Victorian Government Briefing

NCCA President, Bishop Philip Huggins shares his summary and reflections on the recent briefing he attended as part of the Multifaith Advisory Group to the Victorian Premier and his Department. The briefing was given from the Public Incident Management Team through the Occupational Physician, Dr. John Parkes.

Here is a summary of key points, with some reflections:

  • To prevent the spread of the virus we have to try to keep people separate. Hence the various restrictions that are in place.
  • A noticed risk is “innocent socialisation”. People may stay separate inside a building and be careful not to share facilities, but some relax that discipline when they are outside. Whilst this is understandable in some circumstances, say amongst mourners after a funeral or amongst energetic youngsters, the consequences are the same.
  • We can’t see too far ahead. We do not know if elimination is possible. We do not know how close to this we can get. We do not know, yet, when restrictions can be safely eased, including both national and international border restrictions. What we do know is that, this side of a universal vaccine, 'safe distancing', masks and team work together will remain crucial.
  • Dr Parkes, a person of faith, therefore asked us to pray for the people in the Department of Health (who need wisdom for these uncharted waters).

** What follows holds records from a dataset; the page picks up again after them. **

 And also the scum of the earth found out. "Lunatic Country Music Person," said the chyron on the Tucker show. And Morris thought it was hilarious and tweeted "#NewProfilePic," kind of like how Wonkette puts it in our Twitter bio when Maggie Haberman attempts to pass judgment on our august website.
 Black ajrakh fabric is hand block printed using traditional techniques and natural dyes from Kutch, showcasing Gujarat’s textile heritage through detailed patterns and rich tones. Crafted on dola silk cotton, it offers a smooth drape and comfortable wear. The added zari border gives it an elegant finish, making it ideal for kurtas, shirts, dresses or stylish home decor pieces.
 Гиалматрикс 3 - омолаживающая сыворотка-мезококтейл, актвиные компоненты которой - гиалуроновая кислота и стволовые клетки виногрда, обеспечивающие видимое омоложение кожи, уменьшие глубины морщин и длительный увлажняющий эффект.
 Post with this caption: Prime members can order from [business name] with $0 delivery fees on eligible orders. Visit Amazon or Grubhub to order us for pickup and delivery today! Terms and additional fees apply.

He asked us to pray that our community will work graciously, selflessly and cooperatively together (therefore, with forbearance and a readiness to forgive). He especially asked us to pray for our beloved, elderly people. He emphasised their vulnerability in public spaces if people are not 'safe distancing' but yet their need for company and warmth.

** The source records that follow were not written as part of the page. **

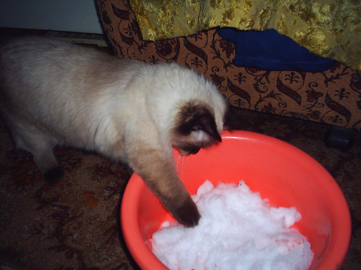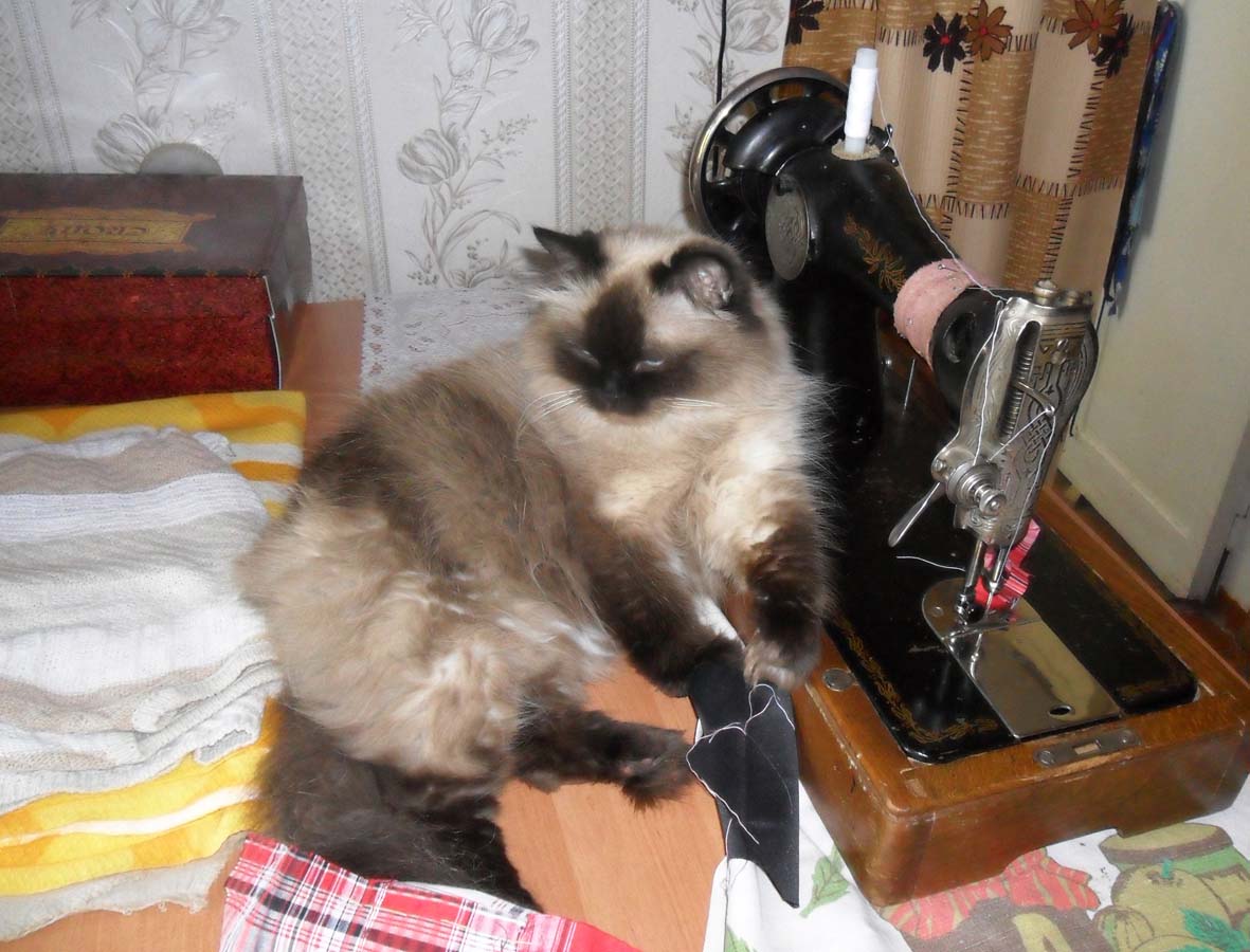 Начнем с Муси, играющей в прятки и изучающей снег, царственно возлежащей на "троне" и помогающей хозяйке шить на машинке: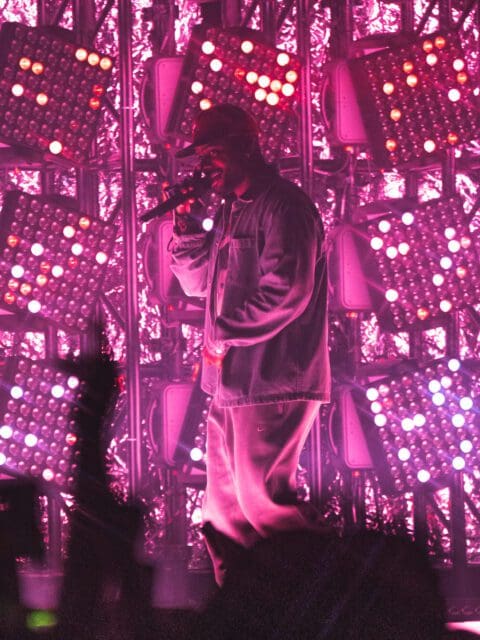 Shortly after, Bryson made his way to the stage, noticeably in line with the retro arcade-themed production, rocked a Ghostbuster fitted hat, a Selena tee under his denim shirt, and a pair of Nike Air Mags on his feet. The first couple of songs performed were poorly lit, assuming that was intended, but as his set progressed, the lighting got better as various visual light elements were used on each song. Aside from the visuals, everyone also enjoyed the song placements as they were emotionally taken back in time through performances of songs like For However Long, Exchange, and Don’t from his 2015 debut album T R A P S O U L. Sticking to his style of exploring the topics of love, emotions overflowed throughout the venue. Switching up the tone, he also sang Maria Maria by Carlos Santana acapella, transitioning to Wild Thoughts, which samples the Santana track. And in typical Tiller fashion, he ended his set with Right My Wrongs, the perfect send-off track for any R&B lovers.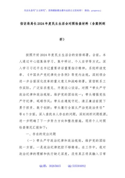 / 信访局局长2024年度民主生活会对照检查材料(含案例剖析)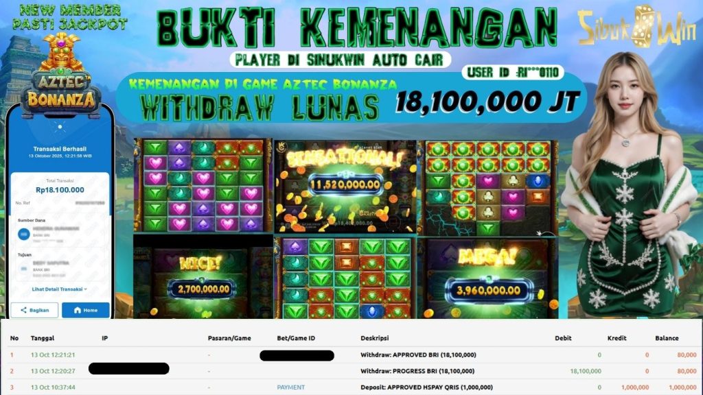 BUKTI KEMENANGAN 13 October 2025 DI GAME Aztec Bonanza 18,1 JUTA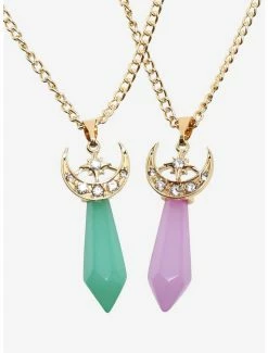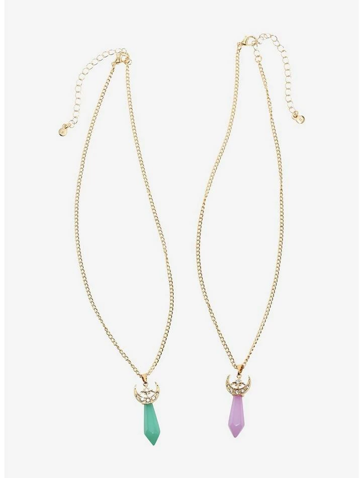 Got a bestie who’s out of this world? Make sure you both sparkle brighter than the night sky with these matching necklaces! Featuring different faux crystals both encased in a gold-tone crescent moon and star design, filled with sparkling faux gems.

  • These prayer requests capture our “Here and Looking Ahead”. On the one hand, the necessity to keep safe distancing is vivid. The WHO reports this week the highest number of daily new cases of COVID-19 infection. In many places the virus is rampant. In the best of places it is barely contained. In “the world's richest country",  because of abysmal national leadership, the deaths are over 170,000 and climbing, whilst even the safety precaution of a mask is made into an ideological dispute. On the other hand, we are trying to hold together a way of life that has been nurtured over many generations. Hence, to prevent economic and social disintegration and to keep giving people a sense of hopeful belonging, governments as well as agencies and organisations are taking on debt or utilising reserves. The premise being that “things will return to normal, more or less", before this strategy becomes unsustainable.
  • "Here and looking ahead", our challenge is holding together the best advice of our Public Health experts, with our way of life as it is embodied in our various places of belonging. As Dr Parkes asked us to pray, this will be easier if we all practice "the golden rule" and work together in a kindly, forbearing and ennobling manner. I have heard it said that this is Australia’s moment to be a “continent of compassion”. That is a destiny worth embracing both in public policy and in a personal discipline to never, under any circumstances, do to others what we would not want done to ourselves.
  • Our Multifaith Advisory Group meeting with Dr Parkes was in this spirit and therefore of profound encouragement at this complex time.